**PROBLEM DESCRIPTION**
Each record is to be copied exactly, with its pictures left behind.

**GIVEN DATA**
"""

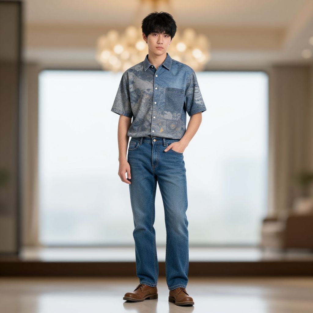 Photograph of an Asian man with short, black, slightly messy hair, standing in a brightly lit room with a blurred chandelier and large window in the background. He wears a short-sleeved, blue, button-up shirt with a subtle pattern, blue jeans, and brown shoes. His hands are relaxed, with one hand in his pocket. The room has beige walls and a dark brown floor, with minimal furniture visible in the background. The lighting creates a soft, warm ambiance, highlighting his casual, yet stylish appearance.
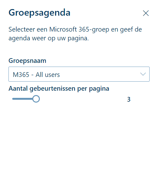 Op een SharePoint communication site (je Intranet) kun je de widget Groepsagenda toevoegen aan je pagina.
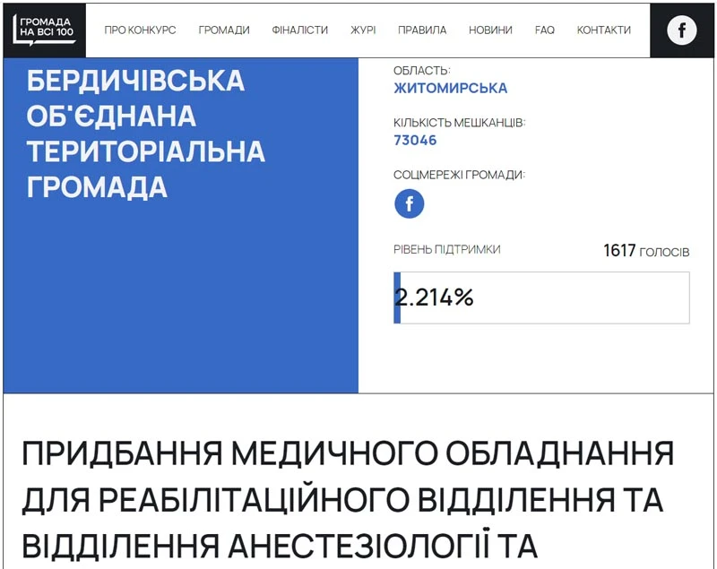 Бердичівська міська громада на цей конкурс подала проект закупівлі обладнання для реабілітаційного відділення.
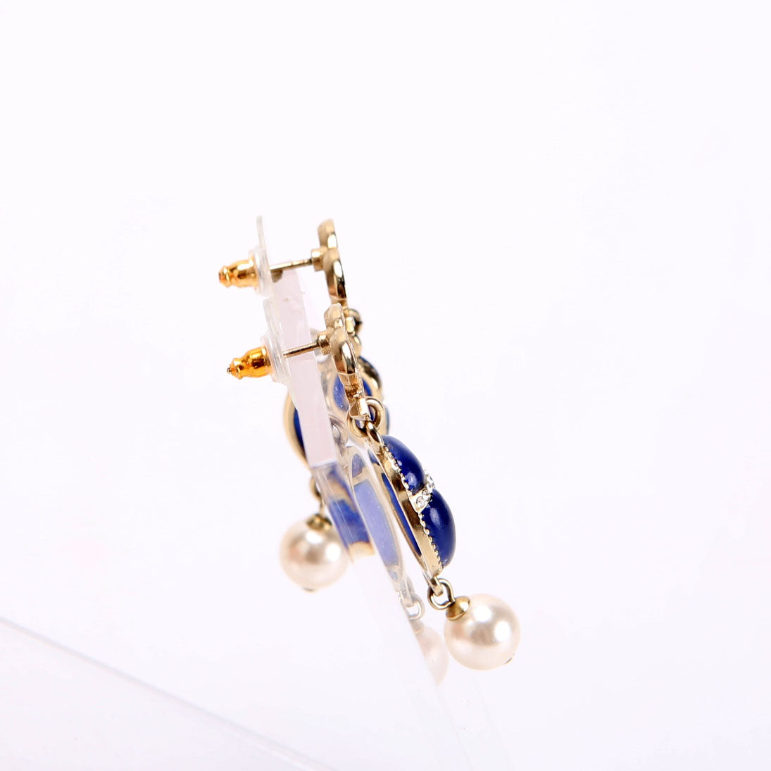CC Scarab Pearl Drop Earrings Navy/Gold
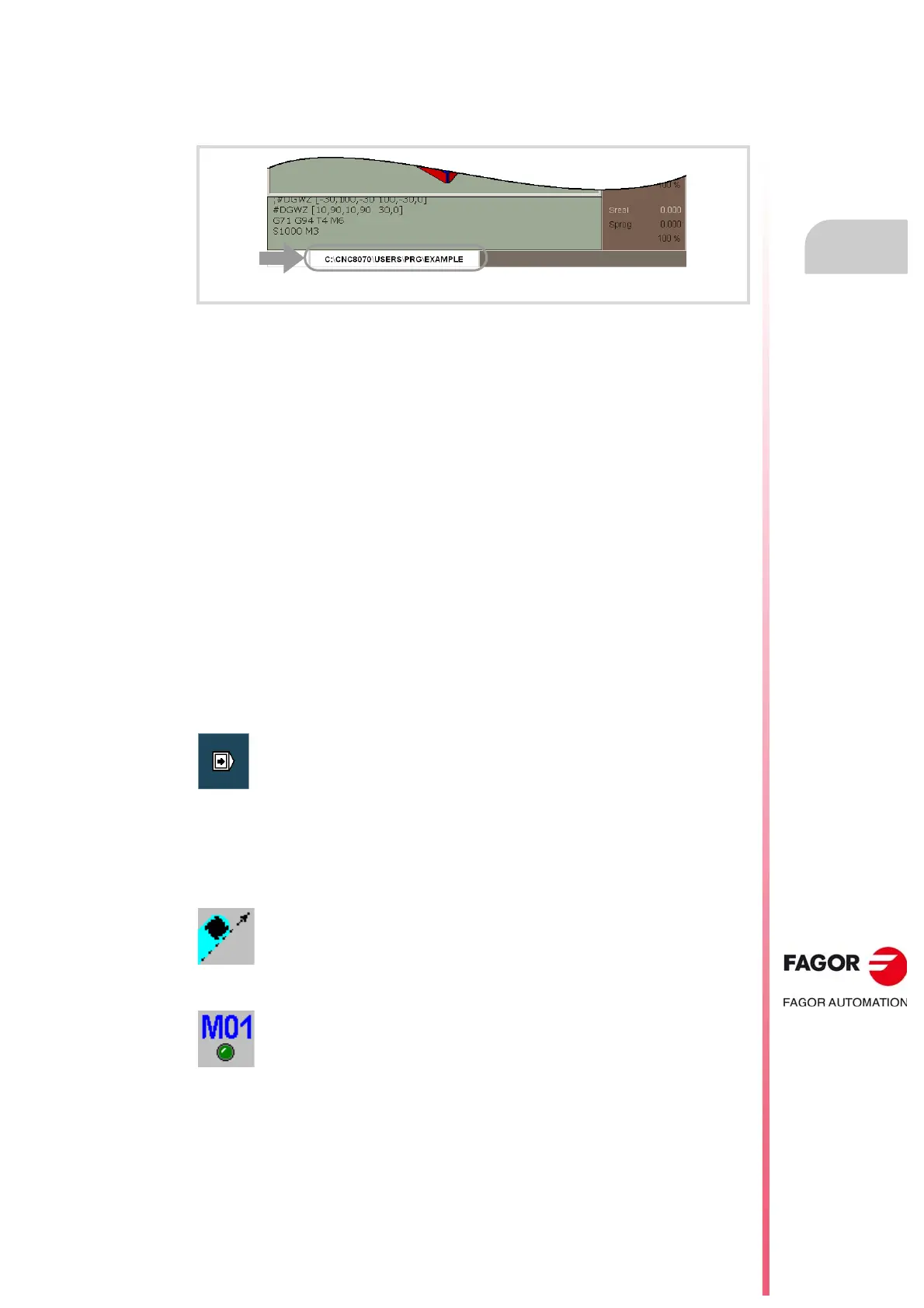 If the –single block– mode is active, program execution will interrupted at the end of each

"""

**PROBLEM SOLUTION**
 Photograph of an Asian man with short, black, slightly messy hair, standing in a brightly lit room with a blurred chandelier and large window in the background. He wears a short-sleeved, blue, button-up shirt with a subtle pattern, blue jeans, and brown shoes. His hands are relaxed, with one hand in his pocket. The room has beige walls and a dark brown floor, with minimal furniture visible in the background. The lighting creates a soft, warm ambiance, highlighting his casual, yet stylish appearance.
 Op een SharePoint communication site (je Intranet) kun je de widget Groepsagenda toevoegen aan je pagina.
 Бердичівська міська громада на цей конкурс подала проект закупівлі обладнання для реабілітаційного відділення.
CC Scarab Pearl Drop Earrings Navy/Gold
 If the –single block– mode is active, program execution will interrupted at the end of each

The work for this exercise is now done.